I’ve been sober from alcohol for 6 months and 8 days as of today (January 15th, 2021). That’s 192 consecutive days of not having a drop of alcohol, the longest streak in my life since around 10 years old, definitely by 13.
How did I go from binge drinking for 20 years to getting sober cold turkey without any withdrawals or cravings?
I had a support network at home and beyond that I had a group I turned to, sometimes to help keep them accountable and sometimes for them to help keep me on the path.
Continue reading to find two ways I break down giving and receiving accountability when it comes to addiction and how sometimes it is in offering help that we receive the greatest benefit and affirmation that we’re on the right path.
How Groups Can Help You Remain Accountable
Shame is a hell of a drug, so is friendship and camaraderie.
When you are a part of a group that is working towards a positive aim, you catch yourself really feeling inside your soul that you are in a movement.
When you read the stories of others overcoming, it shows you that yes, this is indeed possible to overcome.
When you see others doing it, you think, “Well if they can, I can” and in that thought the seed is planted. From there you choose to remain in the group, reading more, possibly sharing your story. If you do all of that, you’ve now watered that seed and it’s going to sprout into a plant that, so long as you remain sober, will grow and grow…
That seed will turn into the tree of pride within your soul. It’s not a common thing to hear a content creator share genuine emotions, but dammit as I’m writing this, I am so fucking proud of myself for making it to this point. It wasn’t a DUI, Domestic Issues, Failed Relationships, or anything of the sort.
It was me deciding my fate.
Reading the books, being a part of the R/StopDrinking subreddit, and participating with those inside 365 to Sobriety I have groups that I look forward to reading about and sharing my journey with.

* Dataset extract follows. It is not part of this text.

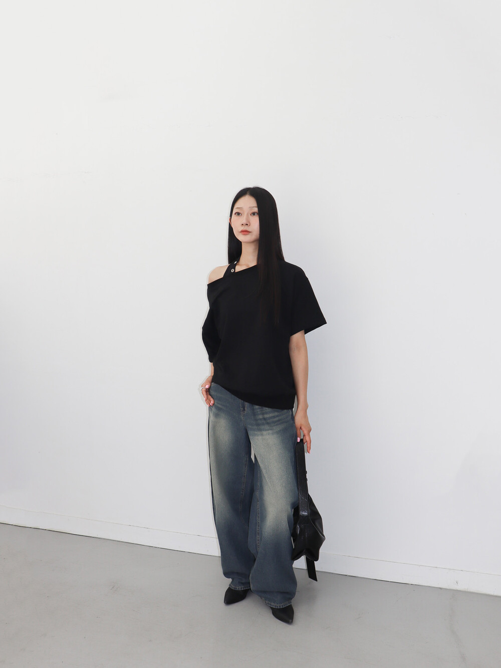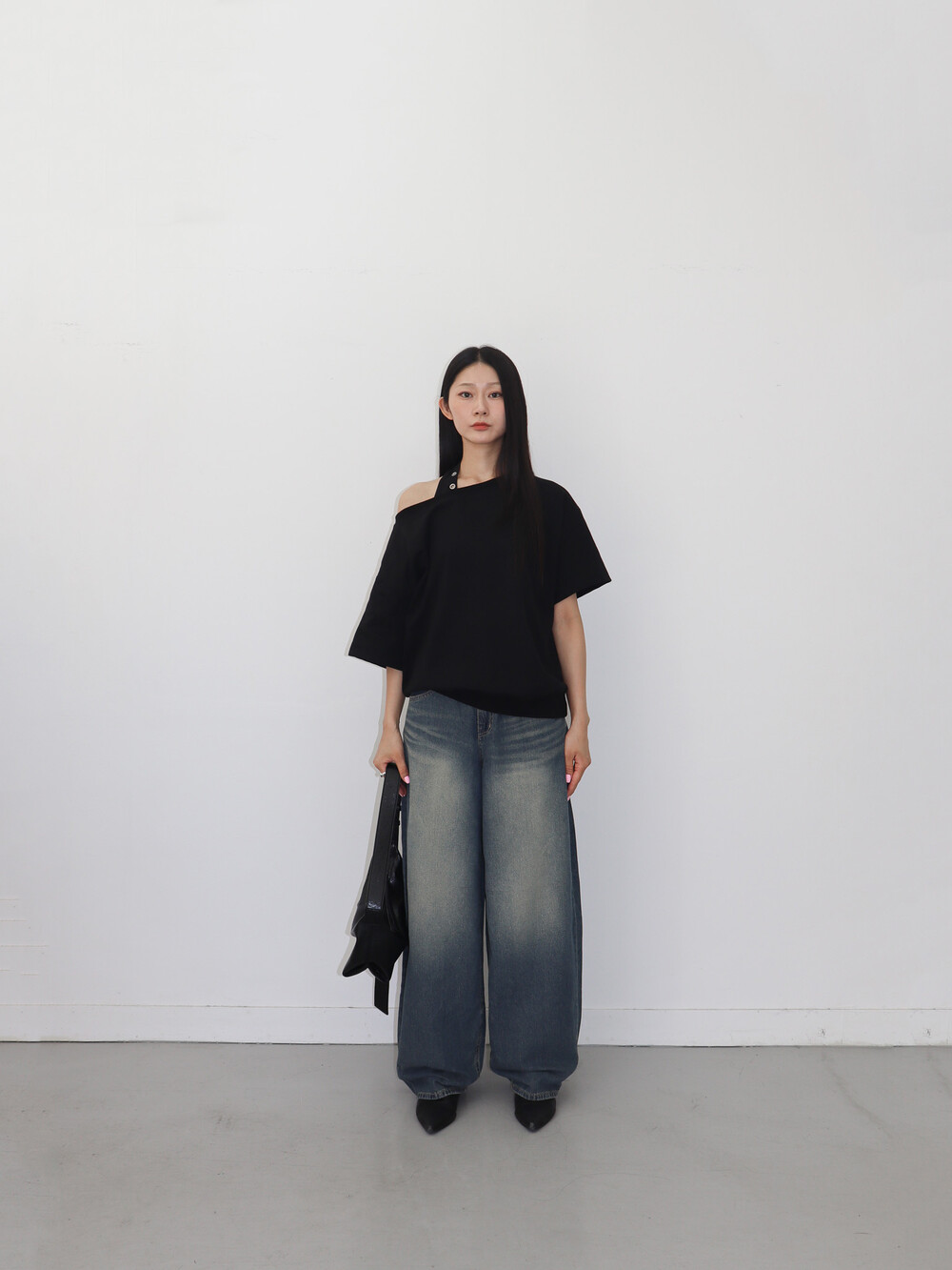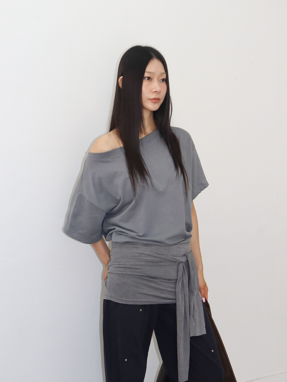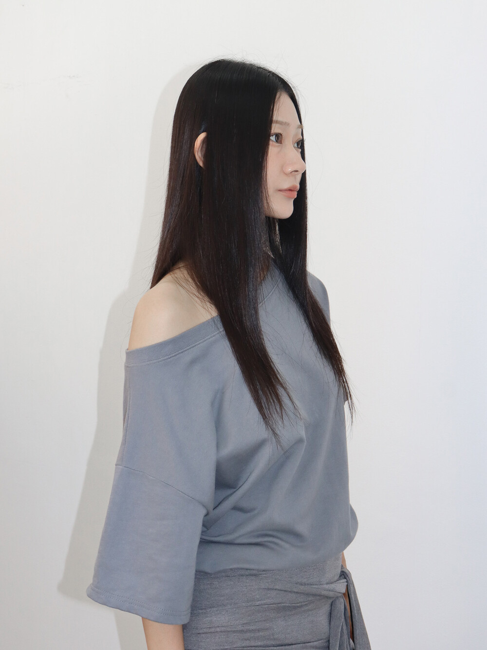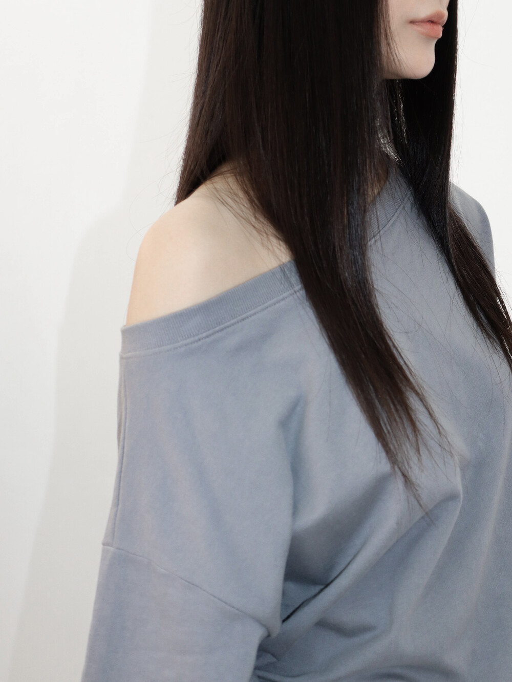 여유 있는 넥 라인으로 상체가 여리여리하게 표현되며

Those who know my story, have watched me go from day #1 to present, and have seen the wins and losses I want to remain connected to them and in that desire, I find greater resolve to remain sober. That group accountability offers motivation and accountability, but they also offer a potential source of shame I don’t want and connection that I want to maintain.

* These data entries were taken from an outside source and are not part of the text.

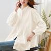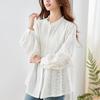 Besticktes weißes Hemd für Damen Langärmelige Frühlingskleidung Neues Design Akkordeonplissierte Oberteile Stehkragenhemd
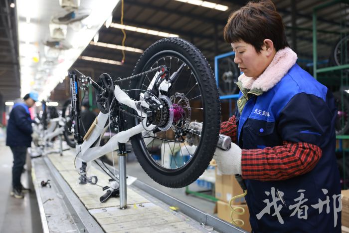 11月3日,位于广宗县的河北天王自行车科技有限公司生产车间内,车身组装、轮圈校正、车架搬运等环节有序衔接,一辆辆融入定制化设计的自行车下线,即将发往欧洲、美洲。
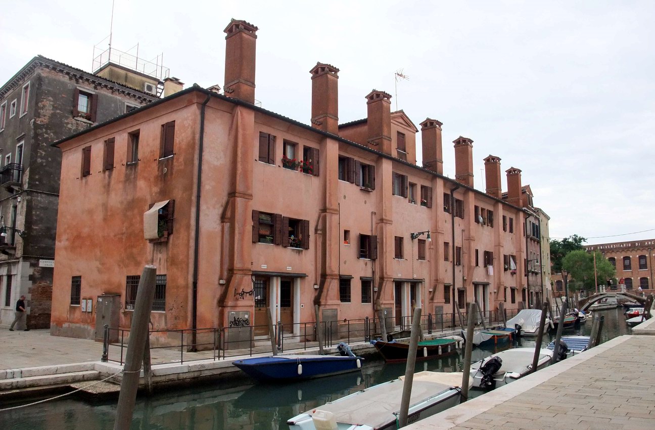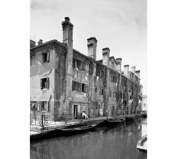 La Casa dei Sette Camini fu costruita nel Settecento come abitazione popolare. Sul finire dell’Ottocento, ospitò anche i lavoratori del vicino Cotonificio Veneziano, uno dei più importanti stabilimenti tessili della città, attivo dal 1883 fino alla sua chiusura negli anni ’60. L’edificio, situato nel sestiere di Dorsoduro, si distingue per la sua semplicità architettonica, ma presenta una caratteristica unica: sette camini perfettamente allineati lungo il lato che affaccia sul canale, ciascuno con la propria canna fumaria esterna.
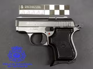 Fue finamente detenido e identificado y se le intervino una pistola de fogueo adaptada para percutir cartuchos de 6,35 mm. junto con un cargador y 7 cartuchos del calibre 22.
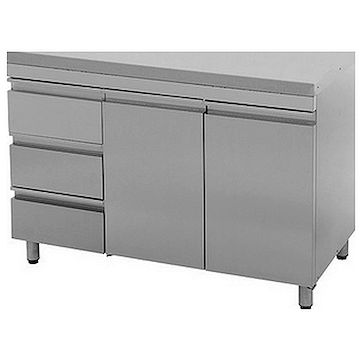 Стол-тумба СТ-С-1200.600-02-Р-3Л (СТ-2/1200/600 с ящиками) может быть использован как обычный разделочный стол, а также для хранения посуды, инвентаря, сухих продуктов, моющих средств и пр.

It’s in this that we find the strength of choosing to be an active part of a group, even if just actively lurking initially.
Join my Private Telegram Community for free and start chatting with others who are working to get or remain sober: JOIN 365 to SOBRIETY
How Helping Others Can Help Yourself
Do you ever notice how there are times where giving a gift to someone else makes you happier than if you were to receive one yourself?
Providing guidance and accountability is like that.
Whenever I get a message or photo from someone showing me how long they’ve been sober or how they fixed their relationship with their wife or kids it always fills me with a sense of pride and accomplishment. That feeling is rarely found elsewhere, like a very niche type of happiness.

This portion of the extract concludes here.